> **WHAT TO DO**: The answer must consist solely of the lines from the start of the records through the line containing "The slender fingers", restated word for word, with no pictures.

────────────────

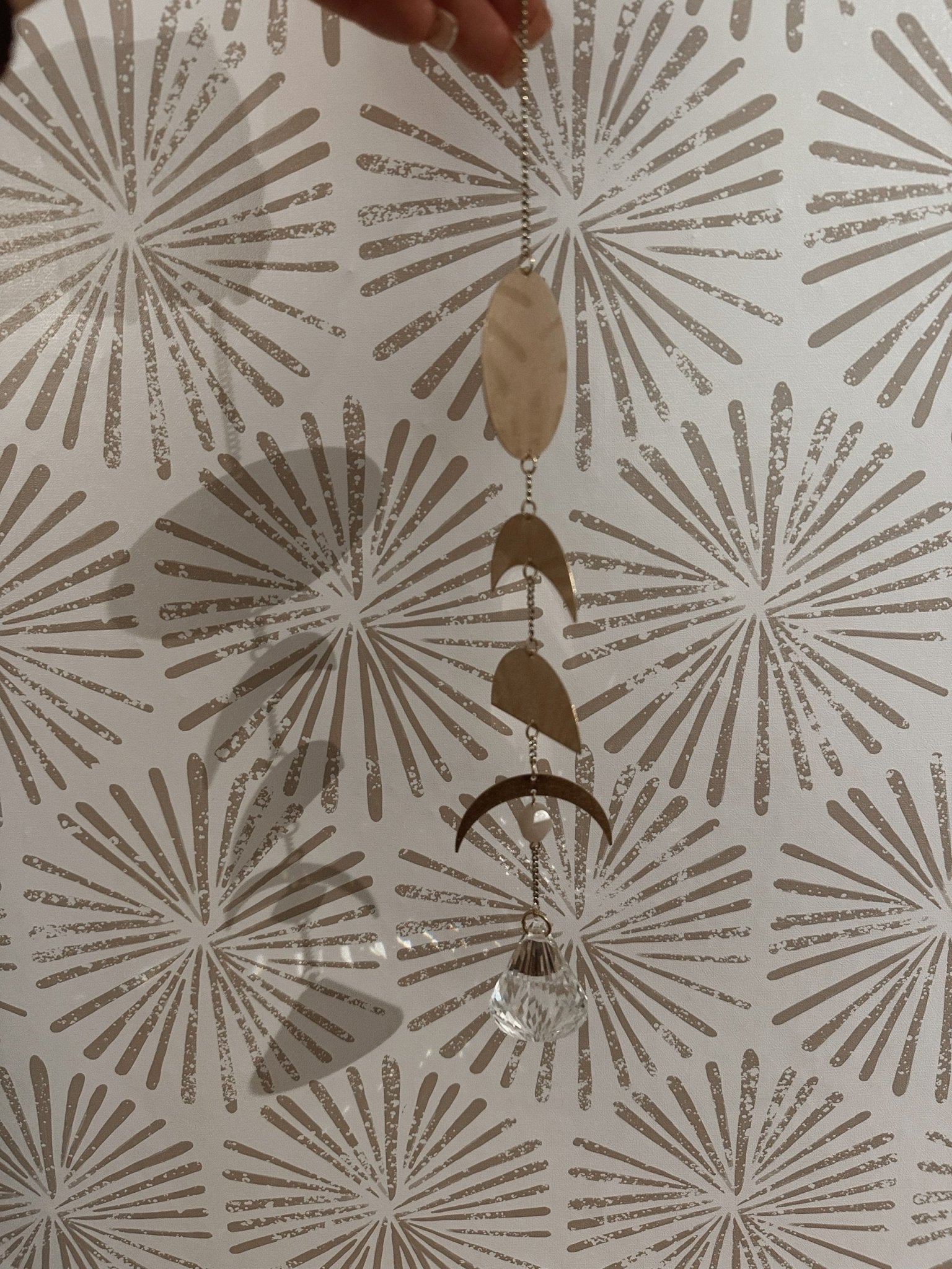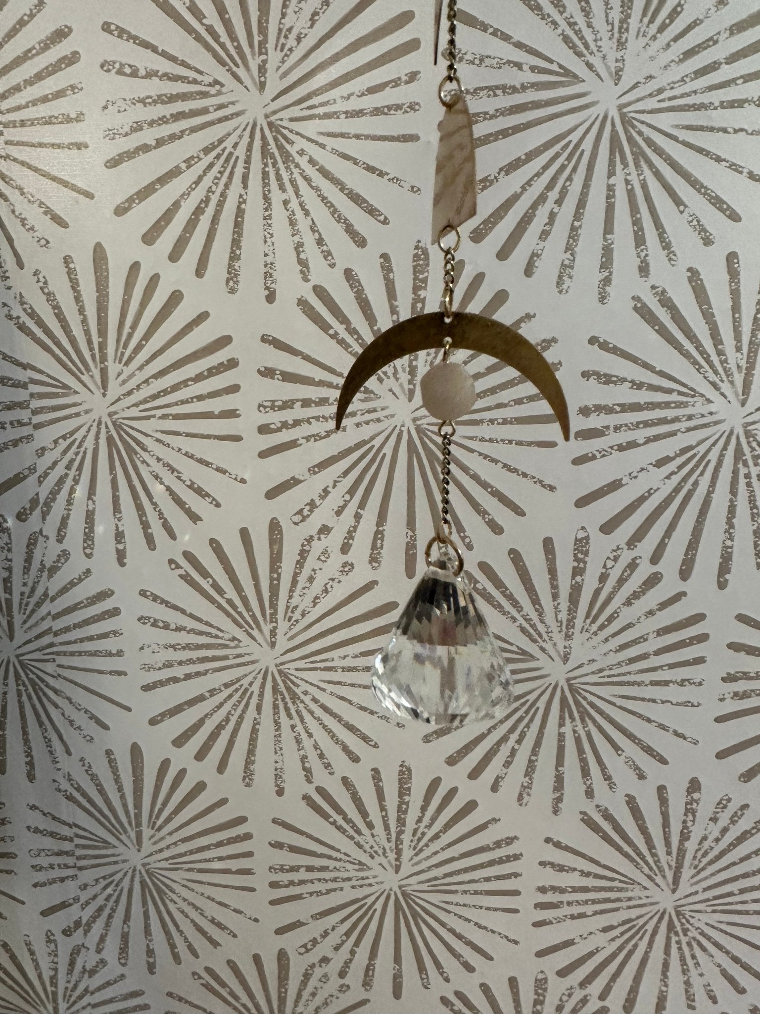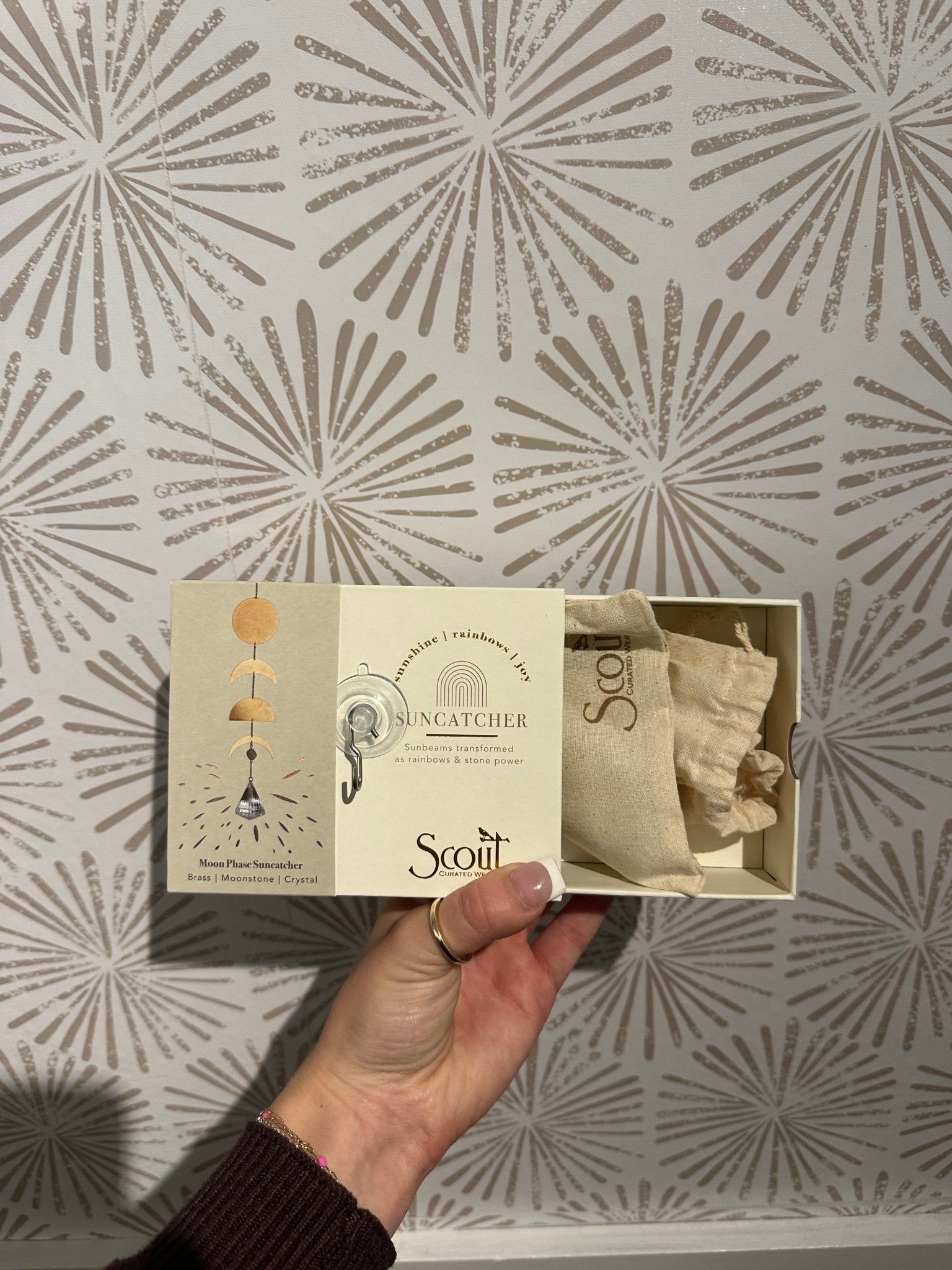 Each suncatcher is crafted from gold-plated brass, precision-cut crystal, and genuine moonstone—a gemstone known as the Stone of Balance. Long associated with intuition and inner peace, moonstone reflects the soothing glow of the moon, reminding us to embrace both calm and change. Its subtle shimmer pairs beautifully with the crystal’s prismatic brilliance, creating a captivating play of light and energy wherever it hangs.
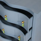Whether it’s holding court in your foyer or leveling up your bedside game, Charlie is perfect for keeping your secrets tucked away with three large soft-close drawers. The blue faux linen finish offers optimal durability and textural intrigue.
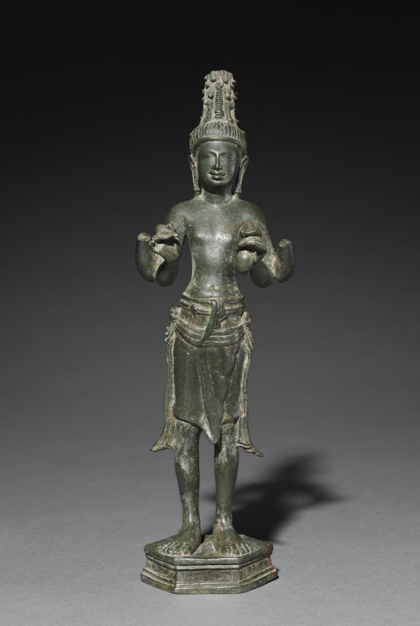 The slender fingers of the left hand hold a water pot while the right hand is in the gesture of the vitarka mudra, a gesture of explanation and exposition.
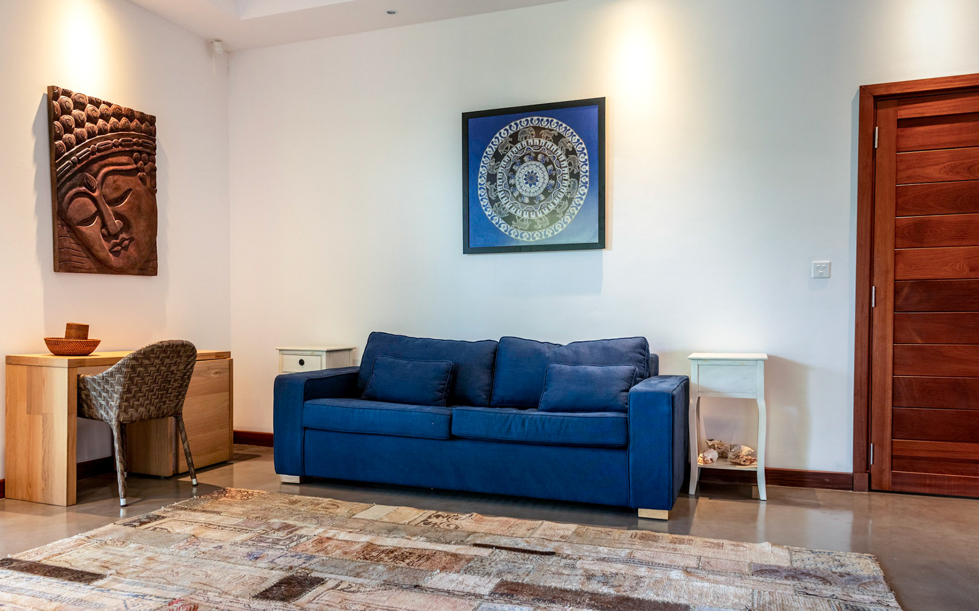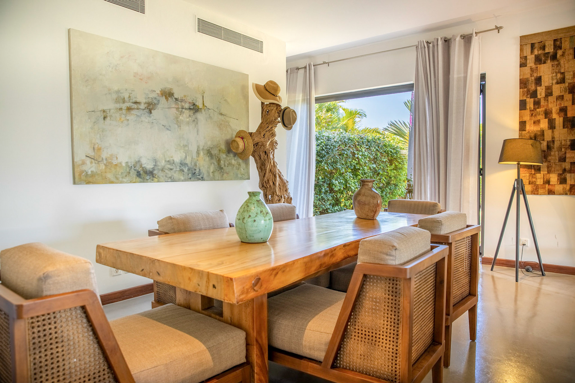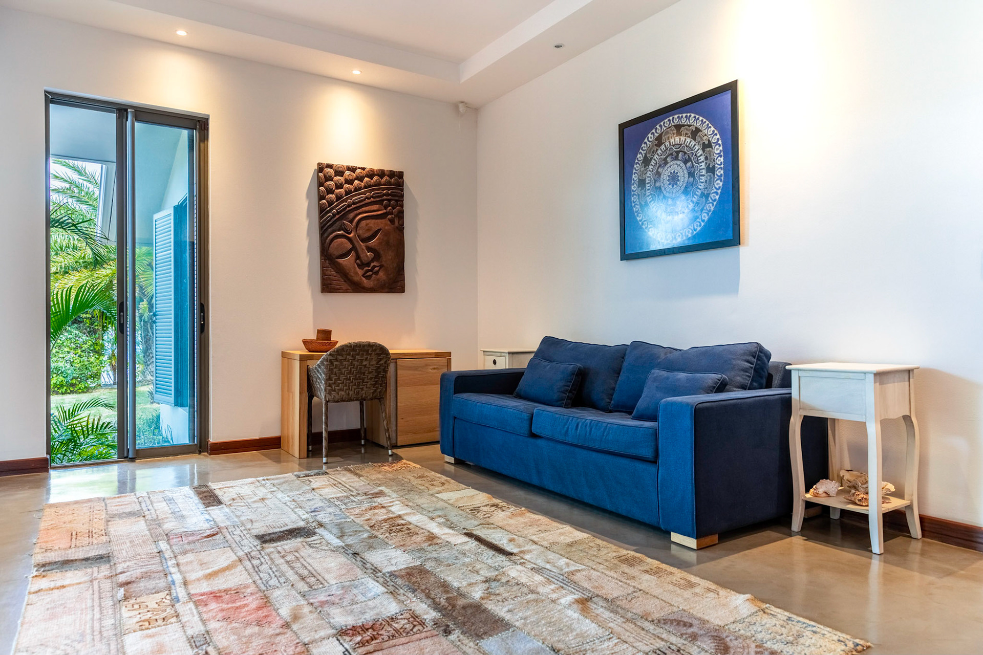 The living room (55sqm) features armchairs, sofas, chairs and lunch table for six persons, plus 32” flat screen LCD TV, DVD, and English and French satellite channels. Telephone and WiFi are available.
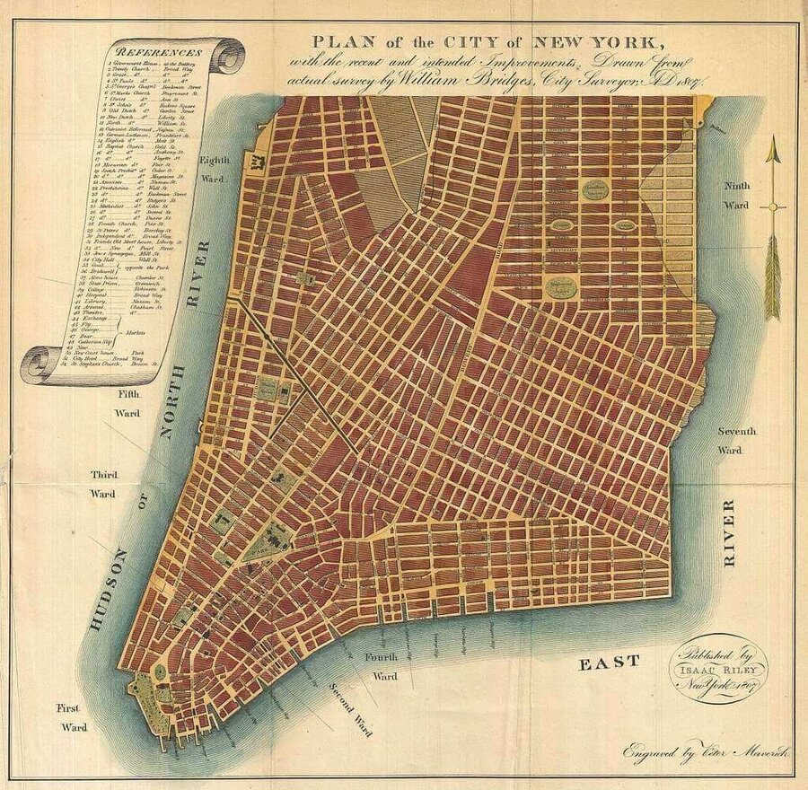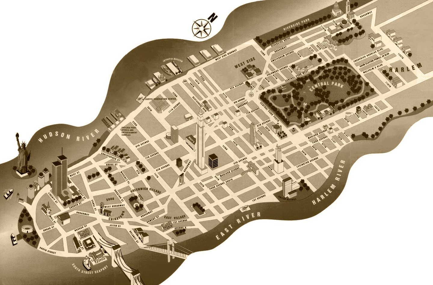 более детальная карта Манхэттена позволяет увидеть, насколько сетчатая планировка эффективно разделяет городскую среду на зоны: жилые кварталы, парки и скверы, культурные достояния города, портовые сооружения и государственные здания
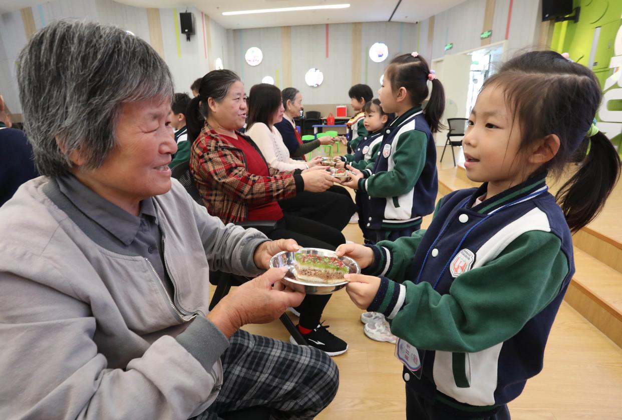 10月27日,在江苏省苏州市姑苏区平润实验幼儿园,小朋友为长辈送上重阳糕。新华社发(杭兴微摄)
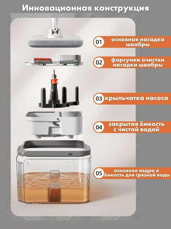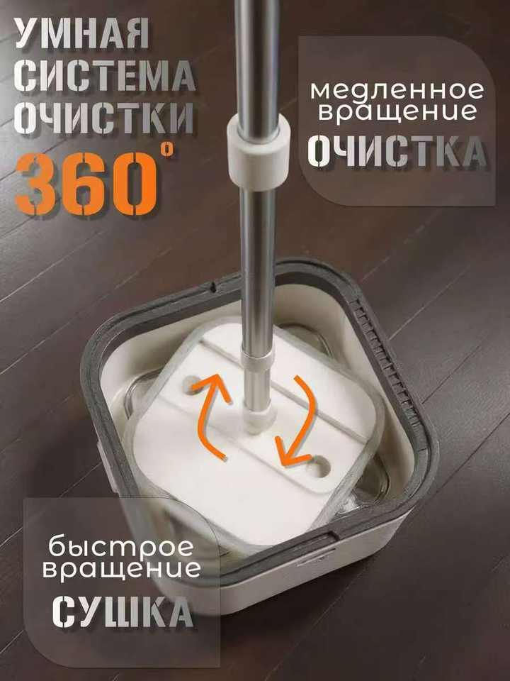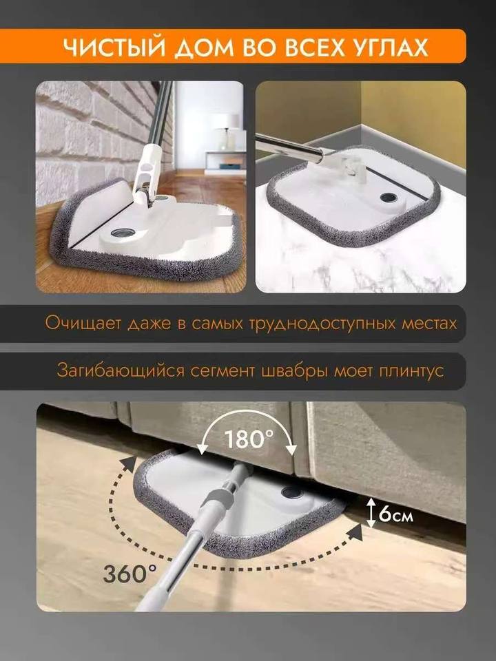 Serpillère rotative à 360 degrés avec système d'essorage et serpillère pliable, tampon en microfibre, conçue pour le marché russe.
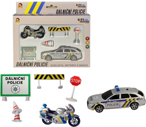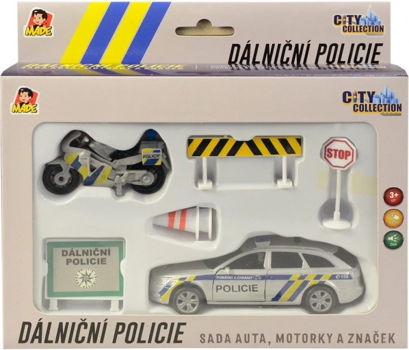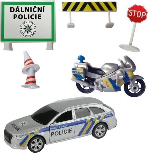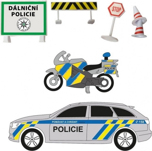 Ovaj set donosi autentičan doživljaj rada autocestne policije, kakvu poznajete s naših cesta. Metalni policijski automobil sa svjetlosnim i zvučnim efektima i plastični motocikl zajedno s prometnim znakovima potiču kreativnu igru i razvoj mašte. Zahvaljujući povratnom navijanju vozila se brzo pokreću i zabava može početi.
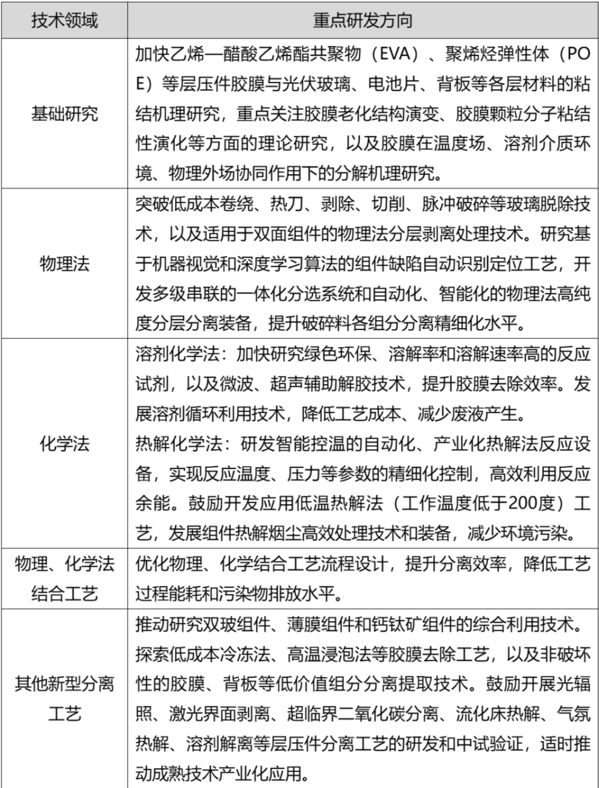 (二)突破高效分离工艺。开展光伏组件胶膜粘结机理研究,丰富完善胶膜低成本解离技术理论体系。加快研发晶硅单玻、双玻等组件的物理法、化学法、结合工艺及新型分离工艺,攻克光伏组件部件与胶膜的绿色、高效分离技术,鼓励开发非破坏性拆解技术,探索完整玻璃等材料获取路径。详见附件《高效分离工艺重点研发方向》。(工业和信息化部、生态环境部按职责分工负责)
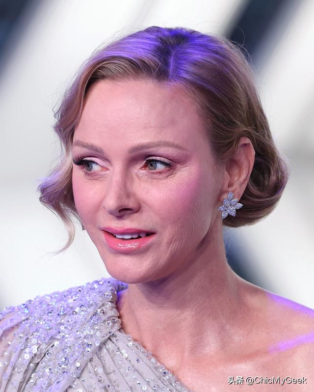 做为摩纳哥王室核心人物的夏琳亲王妃,这晚的造型也完美贴合了这个与众不同的舞会主题。
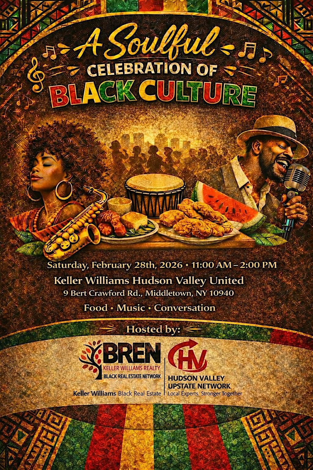 Come celebrate Black culture with food, music, and conversation at Keller Williams Hudson Valley United. Everyone is welcome!
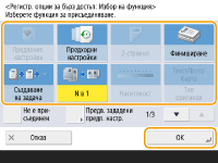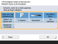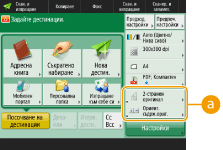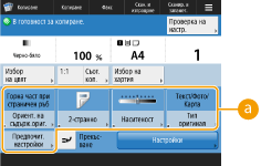 Броят на елементите за настройка, намиращи се в екрана с основни функции, и местоположението им на показване се различават в зависимост от функцията. Бутон за пряк път не се показва, ако <Не е присъединен> е зададено като пряк път. Ограниченията за броя на преките пътища за <Настройки>, които можете да регистрирате, са следните: Копиране: 5 Факс: 4 Сканиране и изпращане: 2 |
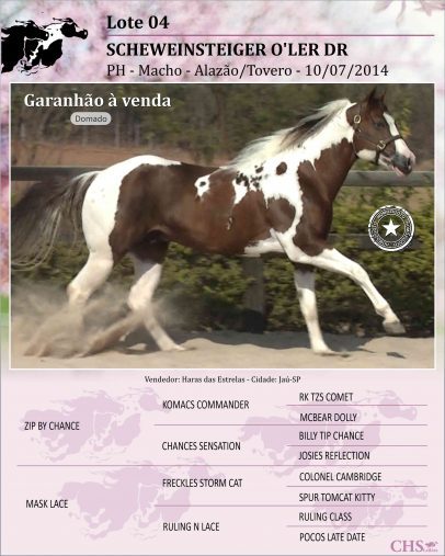 Mãe – MASK LACE: Matriz Paint horse, mãe de garanhões como SCHEWEINSTEIGER O’LER DR e ENZO O’LER DR, seus filhos são cruzamentos com garanhões renomados, tais eles: TM DELTA TARI DREAMER; FLYERCAT PEA; BROTHER TUMBLEWEED, COLOR ME SLADE e ZIP BY CHANCE.
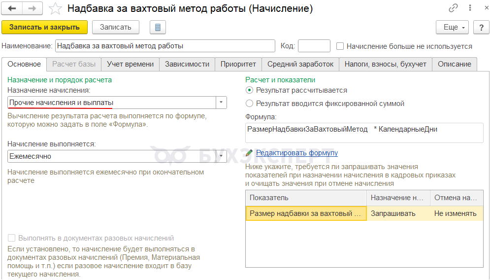 В ЗУП 3.1 для расчета надбавки за вахтовый метод работы понадобится самостоятельно создать отдельное начисление (Настройка – Начисления). Если мы хотим включить надбавку в расчет среднего заработка – в настройках начисления на вкладке Основное выбираем назначение начисления Прочие начисления и выплаты.

────────────────

> **SOLUTION BELOW**:
 Each suncatcher is crafted from gold-plated brass, precision-cut crystal, and genuine moonstone—a gemstone known as the Stone of Balance. Long associated with intuition and inner peace, moonstone reflects the soothing glow of the moon, reminding us to embrace both calm and change. Its subtle shimmer pairs beautifully with the crystal’s prismatic brilliance, creating a captivating play of light and energy wherever it hangs.
Whether it’s holding court in your foyer or leveling up your bedside game, Charlie is perfect for keeping your secrets tucked away with three large soft-close drawers. The blue faux linen finish offers optimal durability and textural intrigue.
 The slender fingers of the left hand hold a water pot while the right hand is in the gesture of the vitarka mudra, a gesture of explanation and exposition.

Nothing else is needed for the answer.